That is ptrace_parent() in unlock_parents_siglocks().

Sebastian
Sebastian Andrzej Siewior May 20, 2022, 9:19 a.m. UTC | #5
On 2022-05-18 17:49:50 [-0500], Eric W. Biederman wrote:
> After this set of changes only cgroup_enter_frozen should remain a
> stumbling block for PREEMPT_RT in the ptrace_stop path.
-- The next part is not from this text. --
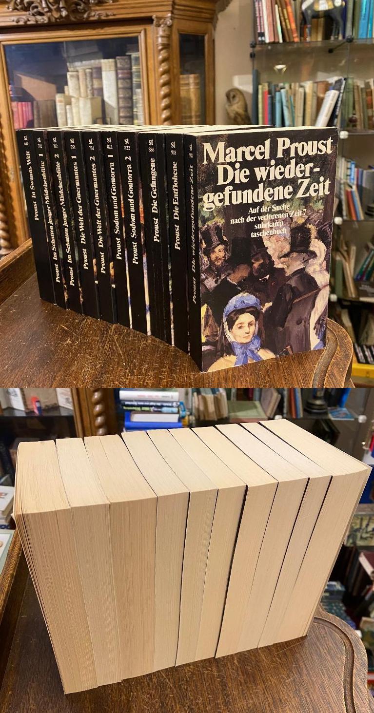 Proust, Marcel: Auf der Suche nach der verlorenen Zeit [vollständige Ausgabe in sieben Bänden]. Aus dem Französischen (A la recherce du temps perdu) von Eva Rechel-Mertens. Mischauflage, 7 Bände in 10 (so komplett), Frankfurt/M, Suhrkamp Verlag, (1981-1984) Folgeauflagen. 8° (17x10), 563; 281; [283]-692; 411; [413]-785; 346; [347]-721; 555; 378; 506 S., ill OKart (Brosch TB), kh sauber und wohlerhalten, [= Suhrkamp Taschenbuch; 644 / 702.1 / 702.2 / 754.1 / 754.2 / 822.1 / 822.2 / 886 / 918 / 988], Bandeinteilung: BAND 1: In Swanns Welt.– BAND 2.1: Im Schatten junger Mädchenblüte I.– BAND 2.2: Im Schatten junger Mädchenblüte II.– BAND 3.1: Die Welt der Guermantes I.– BAND 3.2: Die Welt der Guermantes II.– BAND 4.1: Sodom und Gomorra I.– BAND 4.2: Sodom und Gomorra II.– BAND 5: Die Gefangene.– BAND 6: Die Entflohene.– BANd 7: Die wiedergefundene Zeit.–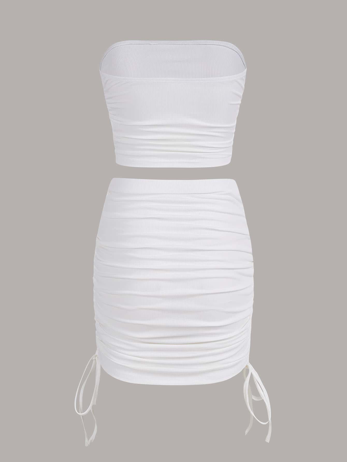 حافة مجمع لباس علوي انبوب قصير مع رباط تنورة ضيقة

Yes, I can confirm that. I have no systemd-less system at hand which
means I can't boot a kernel without CGROUP support. But after removing
cgroup_{enter|leave}_frozen() in ptrace_stop() I don't see the problems
I saw earlier.

Sebastian
Eric W. Biederman May 20, 2022, 7:32 p.m. UTC | #6
Sebastian Andrzej Siewior <bigeasy@linutronix.de> writes:

> On 2022-05-18 17:49:50 [-0500], Eric W. Biederman wrote:
>> 
>> For ptrace_stop to work on PREEMT_RT no spinlocks can be taken once
>> ptrace_freeze_traced has completed successfully.  Which fundamentally
>> means the lock dance of dropping siglock and grabbing tasklist_lock does
>> not work on PREEMPT_RT.  So I have worked through what is necessary so
>> that tasklist_lock does not need to be grabbed in ptrace_stop after
>> siglock is dropped.
> …
> It took me a while to realise that this is a follow-up I somehow assumed
> that you added a few patches on top. Might have been the yesterday's
> heat. b4 also refused to download this series because the v4 in this
> thread looked newer… Anyway. Both series applied:
>
> | =============================
> | WARNING: suspicious RCU usage
> | 5.18.0-rc7+ #16 Not tainted
> | -----------------------------
> | include/linux/ptrace.h:120 suspicious rcu_dereference_check() usage!
> |
> | other info that might help us debug this:
> |
> | rcu_scheduler_active = 2, debug_locks = 1
> | 2 locks held by ssdd/1734:
> |  #0: ffff88800eaa6918 (&sighand->siglock){....}-{2:2}, at: lock_parents_siglocks+0xf0/0x3b0
> |  #1: ffff88800eaa71d8 (&sighand->siglock/2){....}-{2:2}, at: lock_parents_siglocks+0x115/0x3b0
> |
> | stack backtrace:
> | CPU: 2 PID: 1734 Comm: ssdd Not tainted 5.18.0-rc7+ #16
> | Hardware name: QEMU Standard PC (Q35 + ICH9, 2009), BIOS 1.16.0-debian-1.16.0-4 04/01/2014
> | Call Trace:
> |  <TASK>
> |  dump_stack_lvl+0x45/0x5a
> |  unlock_parents_siglocks+0xb6/0xc0
> |  ptrace_stop+0xb9/0x390
> |  get_signal+0x51c/0x8d0
> |  arch_do_signal_or_restart+0x31/0x750
> |  exit_to_user_mode_prepare+0x157/0x220
> |  irqentry_exit_to_user_mode+0x5/0x50
> |  asm_sysvec_apic_timer_interrupt+0x12/0x20
>
> That is ptrace_parent() in unlock_parents_siglocks().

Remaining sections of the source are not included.